Dios proveyó a María con agua, que apareció como una corriente repentina bajo el lugar donde estaba sentada. También la proveyó con comida, todo lo que tenía que hacer era agitar el tronco de la palmera datilera. María estaba asustada y alarmada, se sentía muy débil, acabando de dar a luz, así que, ¿cómo podía ella de alguna forma sacudir el tronco inmenso de un árbol de dátiles? Pero Dios continuó proveyendo a María con sustento.

El siguiente evento fue otro milagro, y como seres humanos aprendemos una gran lección de ello. María no necesitó sacudir la palmera datilera, lo que habría sido imposible, ella sólo tuvo que hacer un esfuerzo. En cuanto intentó seguir el mandato de Dios, dátiles frescos y maduros cayeron del árbol y Dios dijo a María: “…Come, bebe y conténtate”. (Sura de Maryam 19:26)

María ahora tenía que llevar a su hijo recién nacido y regresar para enfrentar a su familia. Por supuesto que tenía miedo, y Dios lo sabía bien. Por lo tanto, Él la instruyó para que no hablara.

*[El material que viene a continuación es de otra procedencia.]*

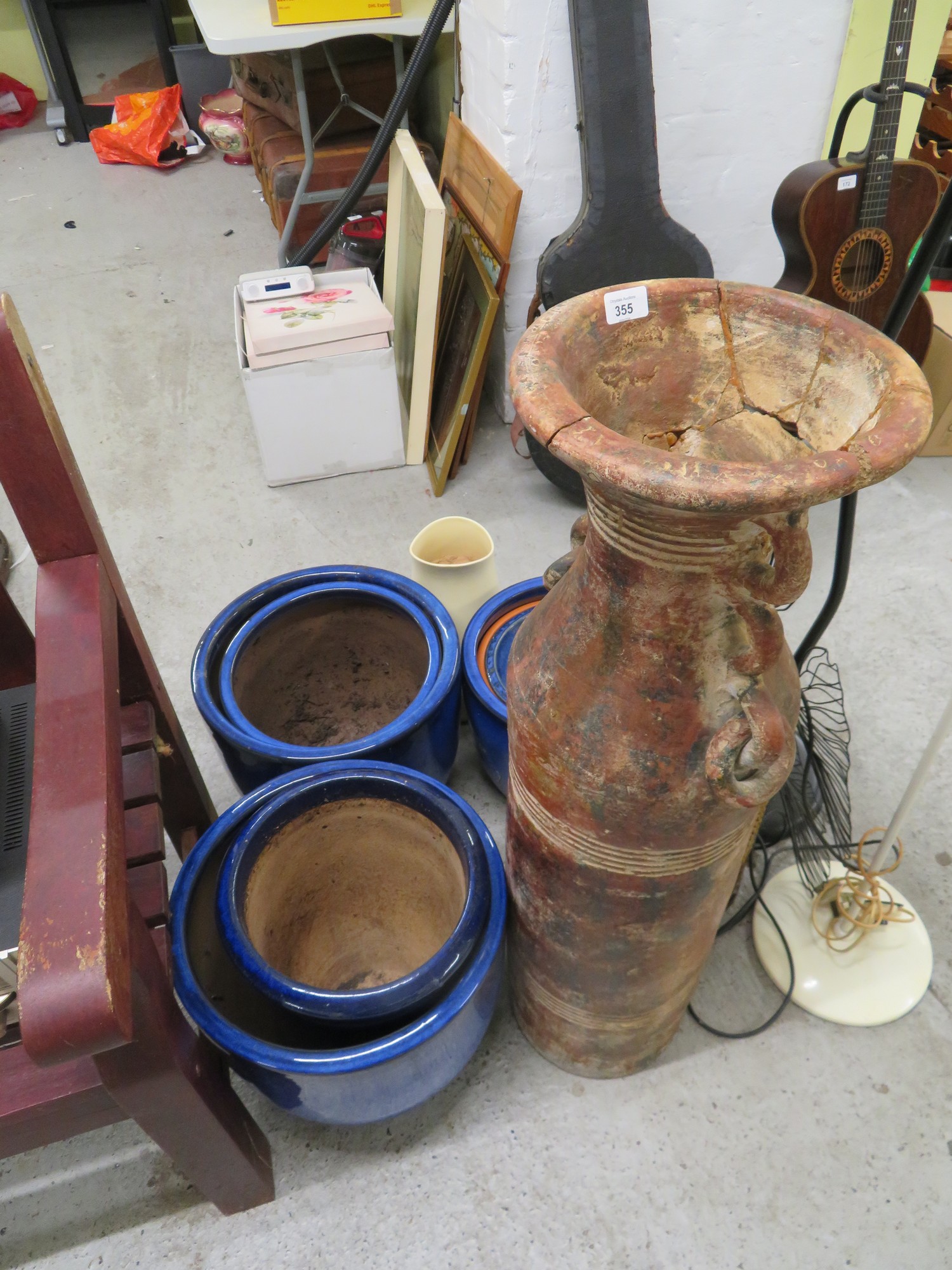 Collection of mostly blue ceramic garden pots, plus a tall terracotta pot

No le habría sido posible a María explicar cómo se había convertido de repente en la madre de un niño recién nacido. Ya que era soltera, su pueblo no creería sus explicaciones. Dios dijo:

“Y si ves a algún humano dile: He hecho promesa de ayuno al Misericordioso y hoy no puedo hablar con nadie” (Sura de Maryam, 19:26).

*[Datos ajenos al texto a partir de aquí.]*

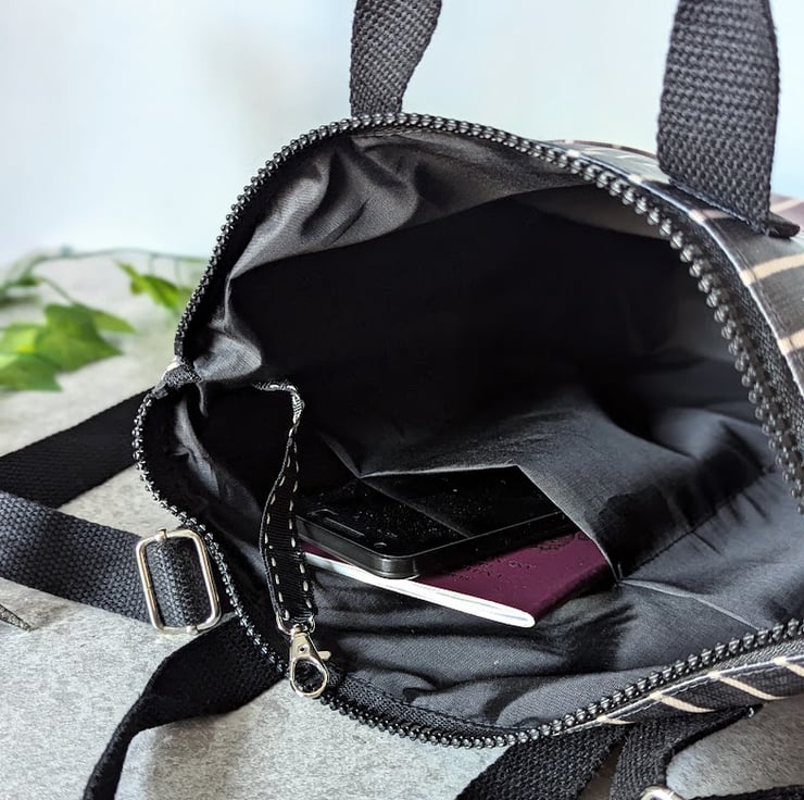 It closes by means of a chunky plastic black zip with a leather zip pull. At the back of the bag is a lined patch pocket secured with a heart shaped plastic snap closure. Inside, is a divided slip pocket for phone, pens etc. There is also a key hook on a grosgrain ribbon inside the bag, making it easy to find your keys.

María se dirigió a su gente llevando al niño, y ellos de inmediato comenzaron a acusarla, exclamando: “¿Qué has hecho? Eres de buena familia, y tus padres fueron piadosos”.

Tal como Dios le dijo, María no habló, sólo señaló al bebé en sus brazos. Entonces, Jesús, hijo de María, habló. Siendo un bebé recién nacido, Jesús, el Profeta de Dios, realizó su primer milagro. Con el permiso de Dios, dijo:

“Dijo: Yo soy el siervo de Allah. Él me ha dado el Libro y me ha hecho Profeta. Y me ha hecho bendito done quiera que esté y me ha encomendado la Oración y la purificación [El Salat y el Zakat] mientras viva. Y ser bondadoso con mi madre; no me ha hecho ni insolente ni rebelde. La paz sea sobre mí en día en que nací, el día de mi muerte y el día en que sea devuelto a la vida. Ese es ‘Isa, el hijo de Maryam, la palabra de la verdad, sobre el que dudan”. (Sura de Maryam, 19:30-34)

María es mencionada en el Corán (5:75) como una siddqa (veraz), pero la palabra árabe siddiqa implica más que sólo hablar con la verdad. Significa que uno ha alcanzado un nivel muy alto de rectitud. Significa que uno es veraz, no sólo consigo mismo y con quienes lo rodean, sino también con Dios. María fue una mujer que cumplió su pacto con Dios, a Quien ella adoró con total sumisión. Fue piadosa, casta y devota. La mujer elegida por encima de todas las demás mujeres para ser la madre de Jesús fue María, la hija de Imrán.